As we all know, many Americans still can’t point out Iraq or Afganistan on a wordless map, nor can they attach meaningful words to Philadelphia, Mississippi today. So, as we labor through our various manifestations of post-election depression, as we wonder mightily at where all this hatred is coming from and struggle with our very memories, the following are a few meaningful words I would like to attach to Philadelphia, Mississippi, which I fear has become yet another blank spot on the low-information map which we Americans seem to prefer these days for navigating around painful issues.
Philadelphia, Mississippi was the town where three civil rights workers--James Chaney, Andrew Goodman and Michael Schwerner--were murdered by the Klan only sixteen years before Reagan showed up, in 1964, the same year Congress passed the Civil Rights Act. In fact, the murders of the three young men during the civil rights action known as Freedom Summer was one of the big straws that finally broke Jim Crow’s back in Mississippi and the South, and compelled the nation’s first Southern president since the Civil War into finally passing any civil rights act at all.
Freedom Summer, in turn, was organized by a lot of groups, but the main one was the now-legendary Students’ Nonviolent Coordinating Committee. SNCC was a group of young people who believed in doing things that were seen as presumptuous and threatening to the powerful. Sit-ins, freedom rides, marches on Washington, things that would get them jailed, beat up, killed. They were willing, in other words, to put it all on the line in a commitment for justice we provincial citizens haven’t seen the likes of since. Not surprisingly, these kids became more powerful than the seemingly-insurmountable powerful interests they opposed, and in the process they invented concepts and phrases still widely held in contempt by those who would still keep them down. For instance, one of SNCC’s presidents, Stokely Carmichael, popularized the term “Black Power”, a phrase that defeated segregationists in the South found presumptuous at best. And the presumptuous goal of Stokely Carmichael and the murdered men during the Freedom Summer of ’64? To register eligible voters.
That shadow you may be sensing peering over your shoulder is the ghost of madame Déjà vu. We’ve been here before, haven’t we?
As with so many other campaign speeches coming from freshly-minted presidential candidates, Reagan’s speech was a calculated one, carefully crafted to set the tone for the candidate’s trajectory into history, and, as in real estate, armed conflict and other human endeavors, location was considered important. Reagan obviously chose Philadelphia, Mississippi out of approximately four million square miles of word-challenged United States territory for a specific reason: to aim his trajectory into history, and he did not mince his words. In an open ploy to woo working-class Americans away from paying attention to their own best interests, Reagan declared that “states’ rights” and truncated interpretations of the U.S. Constitution that would shrink the government’s power to regulate those who felt entitled to unregulated wealth, bigotry or both would be his central themes. Of course these were the very themes the South had used a century earlier to defend their “peculiar institution” and to forever justify the resultant Jim Crow century.
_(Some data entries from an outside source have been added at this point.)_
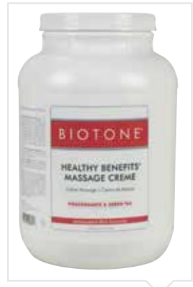
Biotone® Healthy Benefits Creme – W67436HC 7oz, 14oz, Gallon sizes. From $12.05
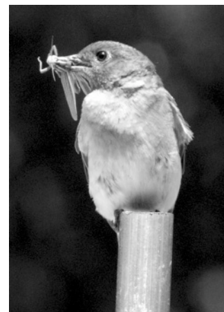
Bluebird
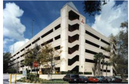
ORMC Parking Garage* Orlando, FL
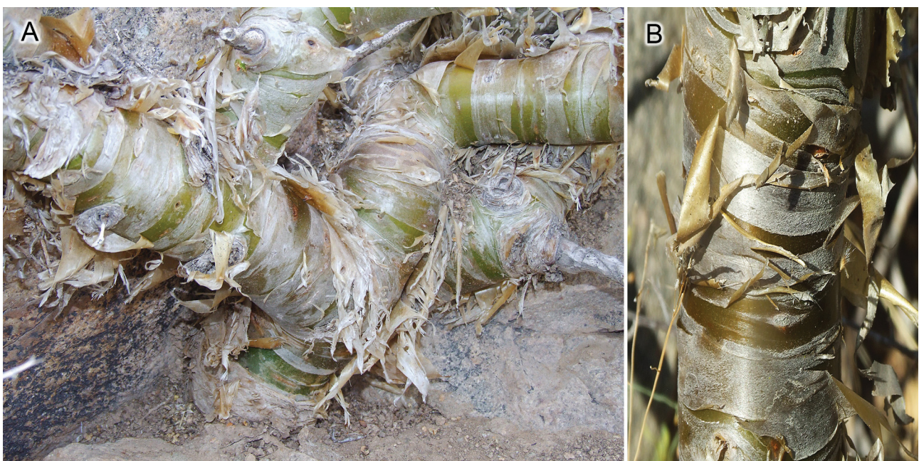
FIGURE 2. Commiphora namibensis . Old stems showing flaky bark. (A) Base of plant with low branching, growing tightly wedged among rocks; (B) trunk.
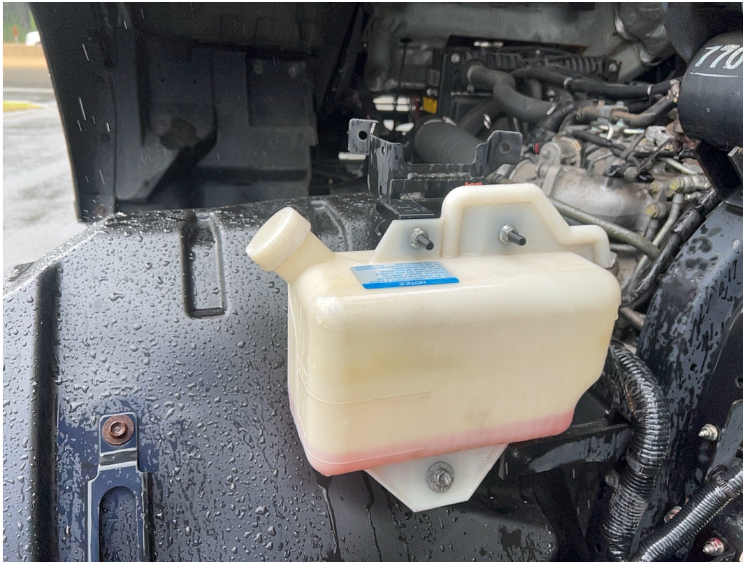
Coolant Level / 09-18-2023
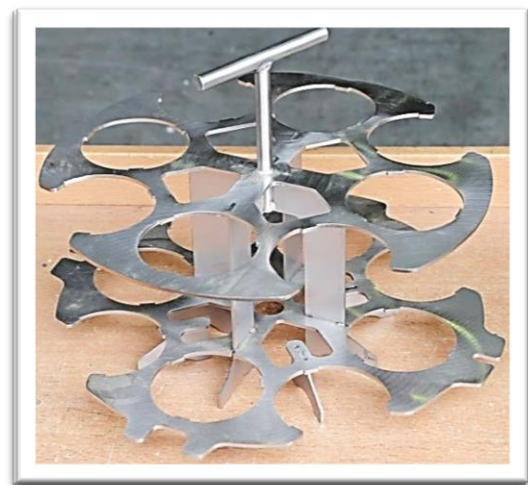
RTFOT Glass Holder Tray
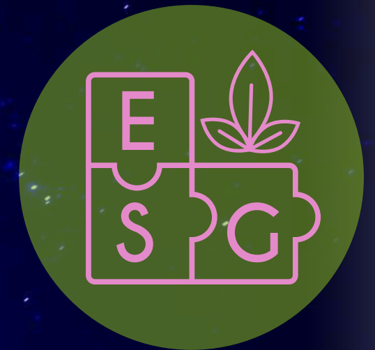
AI+ in ESG
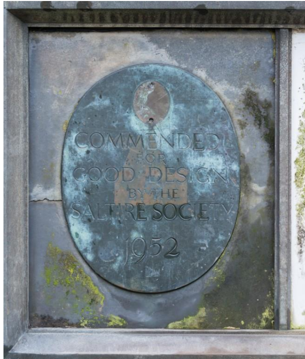
Figure 6. Saltire plaque

Two years later Donald Reay received an award for his white-harled Stuarton Park (Figure 7) and Dalrymple Drive (East Mains) detached houses, linked by screen walls, and turned gable-end to the street for greater privacy.
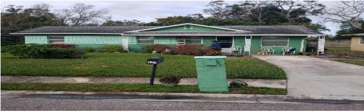
421 Sunnyview Exterior Painting

The Board of Directors have made an annual investment of $30,000 for this program. Through the Curb Appeal Grant, residents within the CRA District can receive assistance to make minor structural and cosmetic improvements to the exterior of their homes. Up to $1,500 is available to assist income-eligible homesteaded homeowners in either a full or matching grant. Residents that don't meet the income requirements can apply for a matching grant of up to $1,500.
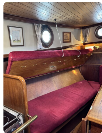
Vikingbank 1100 HOPPETOSSSE 24
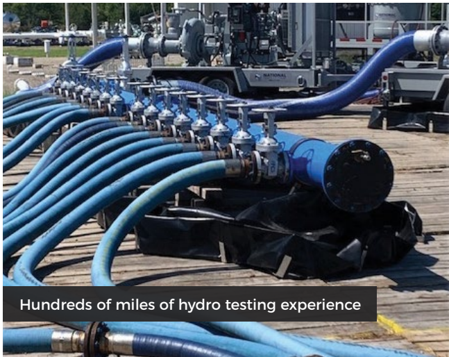
Hundreds of miles of hydro testing experience
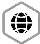
Appealing to skilled interna- tional employees
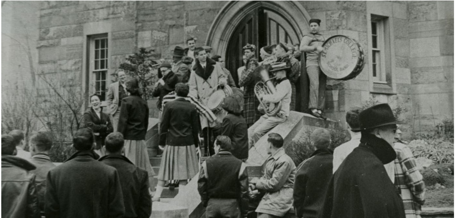
Students gather on front steps of Brennan Hall's south entrance, 1954–55 (left) and 2017–18 (right).
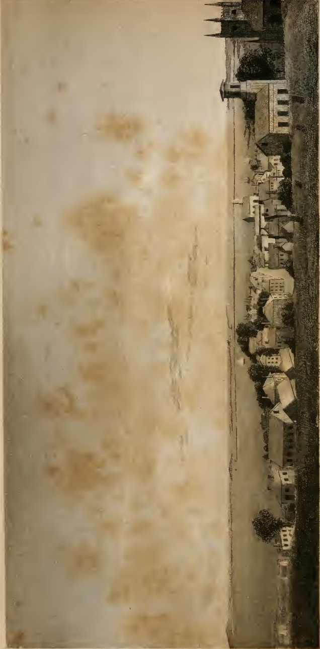
Plymouth from the Burying Hill
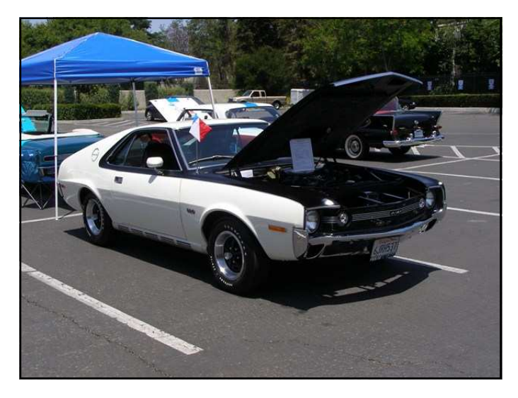
Jim Weil's 70 AMX 1st Place in AMX Stock
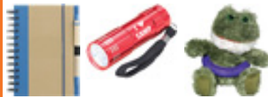
Journal, Flashlight, Plush
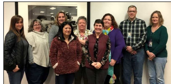
Post Adoption Team

Reagan didn’t quite go so far as to call for a rebirth of the Confederacy, but in the eyes of all the white voters who openly resented the Civil Rights Act, “Black Power”, and who secretly carried the murders of Philadelphia, Mississippi within their own troubled souls, he did a good job of acting like he did. Madame Déjà vu was running a full-on cathouse, selling memories if nothing else.
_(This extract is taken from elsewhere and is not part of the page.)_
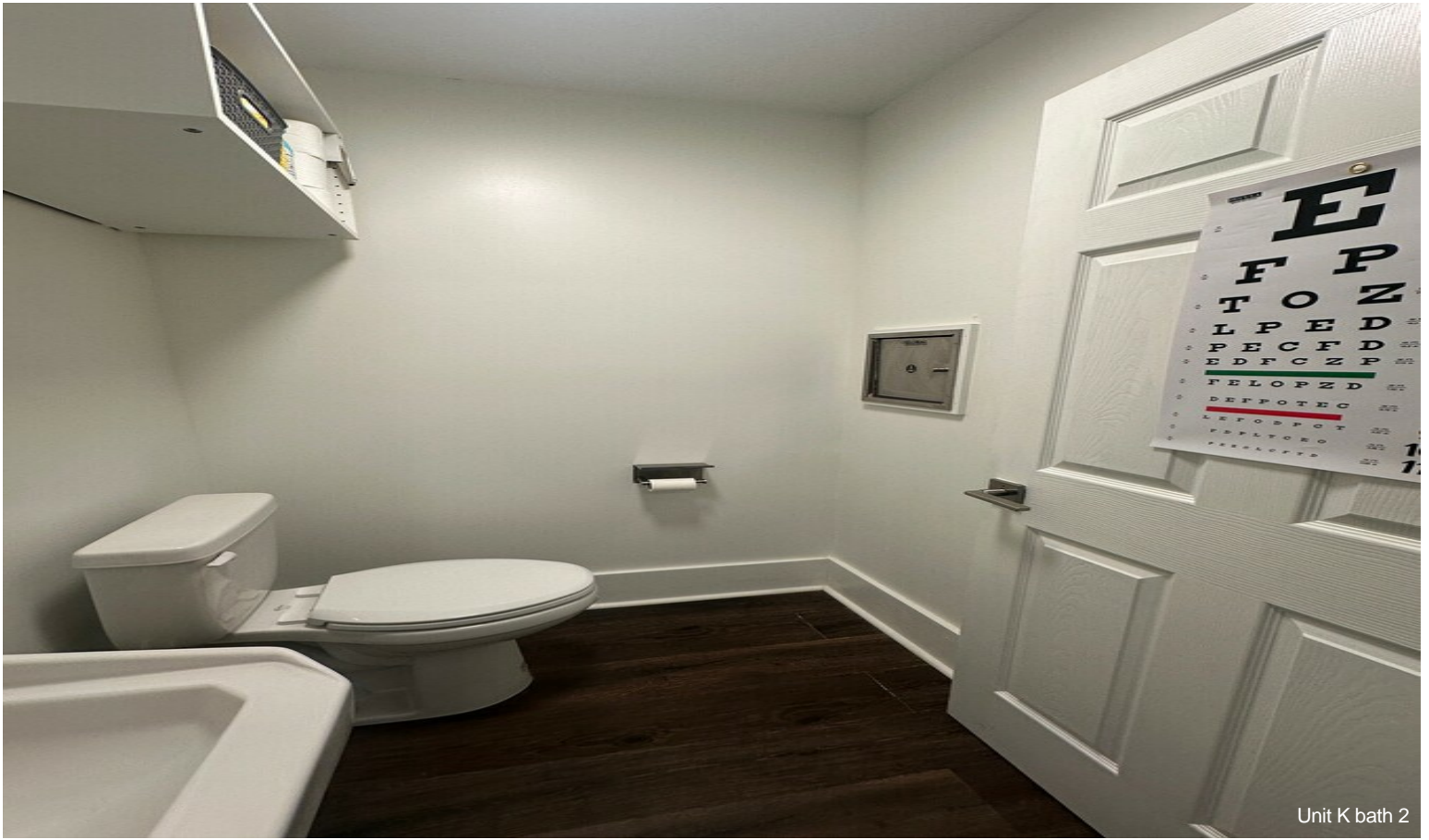
Unit K bath 2
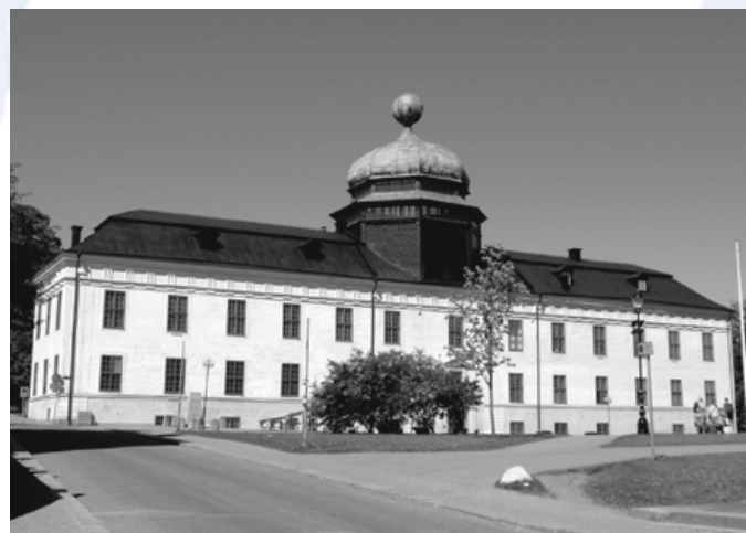
The ancient Gustavianum building, main course venue.

Building valuable new relations with other course participants and having a great time is as important as the scientific part of the training course. A number of social gatherings were arranged, including a welcome reception, an official course dinner and an opportunity to visit the UMC office and meet up for dinner in the evenings. The official course dinner took place on a boat along the Fyris river running through Uppsala, and gave participants a glimpse of the surrounding countryside. The main venue of the course, Gustavianum, also offered a unique environment as the oldest

Bigotry, like nuclear war, is a revelation you can rely on. The dread of both will sit there unexposed, invisible until it’s stirred and forced to the fore, floats for a while like sun specks on the skin of your eyes, temporarily annoying. Then gone just as quickly, denied and forgotten even though it’s swimming right before your eyes, like a shark, or sun specks.
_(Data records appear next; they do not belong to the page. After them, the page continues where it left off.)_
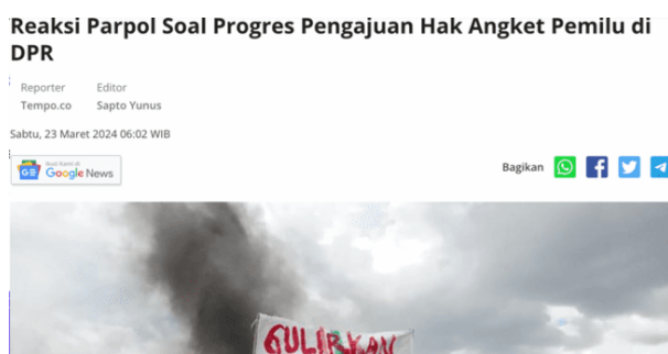
Fig. 1. Political Party Reaction to The Progress of Submitting the Election Inquiry Rights to the DPR

This news article contains responses from members of several political parties, namely PDIP, Nasdem, PPP, PKS, and PKB, to the discourse on the proposal of the Election Inquiry Right in the House of Representatives (DPR). The Defining problem of this news is that the alleged election has led to the discourse of the right of inquiry to investigate the alleged election fraud. Tempo.co reported the events of various reactions from political parties such as PDIP, Nasdem, PPP, PKS, and PKB that have not yet determined their stance on the inquiry right of election discourse. Meanwhile, the diagnose causes of Tempo.co’s first news is the lack of certainty from the parties because each party still has its agenda such as PDIP waiting for direction from the chairman, Nasdem focusing on national interests, PPP taking care of the party’s votes in parliament, PKS still waiting for support for the inquiry right, and PKB in the process of synchronizing the purpose and substance of the inquiry right. Making moral judgments functions to provide a moral assessment of an event. In this news report, the moral judgment conveyed is that several moral judgments can be observed. PDIP shows an
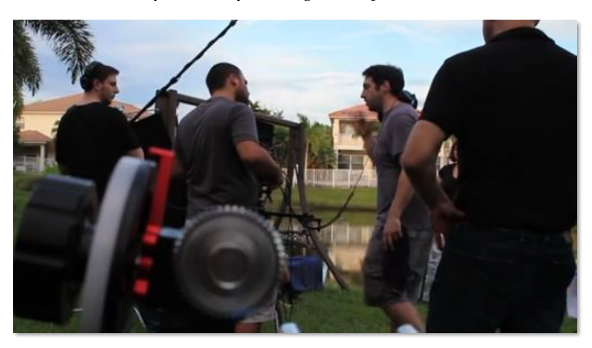
On-set discussion regarding the sound for the exterior shots.
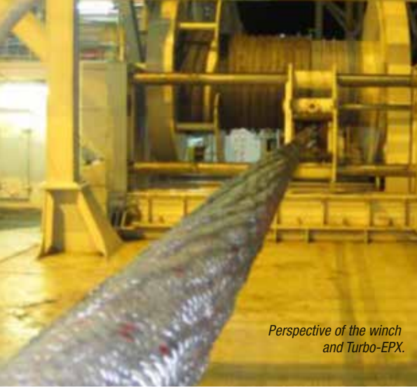
Perspective of the winch and Turbo-EPX.

Because of the neutral buoyancy of ropes made with Dyneema®, Technip also had concerns that the rope would catch in the propellers of the construction vessel, which would approach very close to the FPSO when the risers were transferred. Samson put application engineers to work, developing a custom solution.
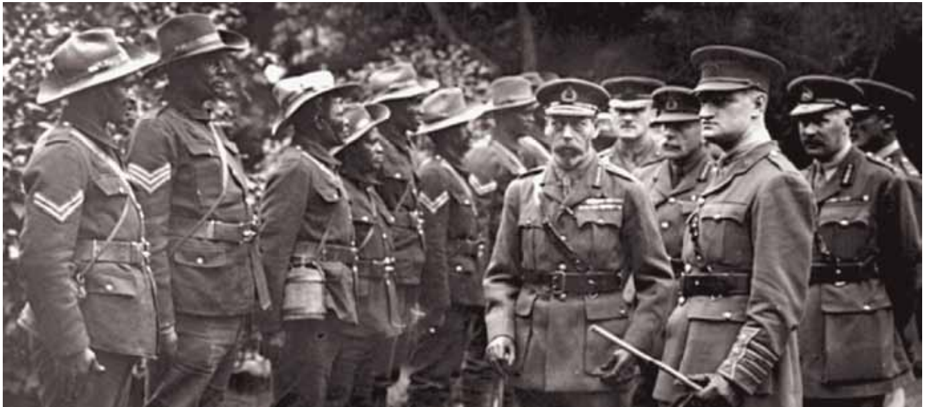
UK Official War photographs

King George V was “hands-on” during the War, seeking to put American troops under British command. Here he inspects members of the South Africa Native Labour Corps.
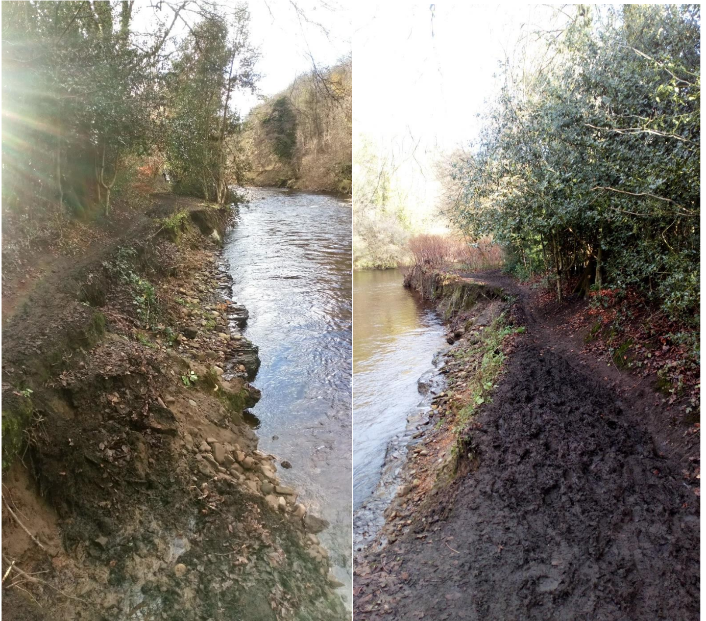
Affected area January 2021
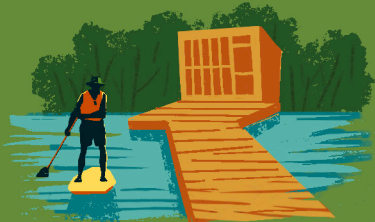
TAR-PAMLICO WATER TRAIL
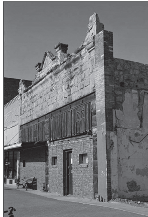
Stag Bar, Ardmore

Follow the thread of the cloth and it’s easy to see why we disengage before we trace the subject home. Be thankful, I guess, that it all comes so easy for us, but I still have a couple of questions. Is bigotry uniquely human and if not, does our uniquely-human bigotry necessarily steer us towards environmental catastrophe to the point of our own extinction? I mean, is it natural to be a bigot, or are we really the only beings on this planet hell-bent on destroying ourselves? Are there any studies? Ants, maybe? Wasps? Didn’t the Nazis have ‘God Is With Us’ stamped on every German soldier’s belt buckle?
In other words, if we’re so smart, shouldn’t we evolve or something?
In other words, if we’re so smart, shouldn’t we evolve or something?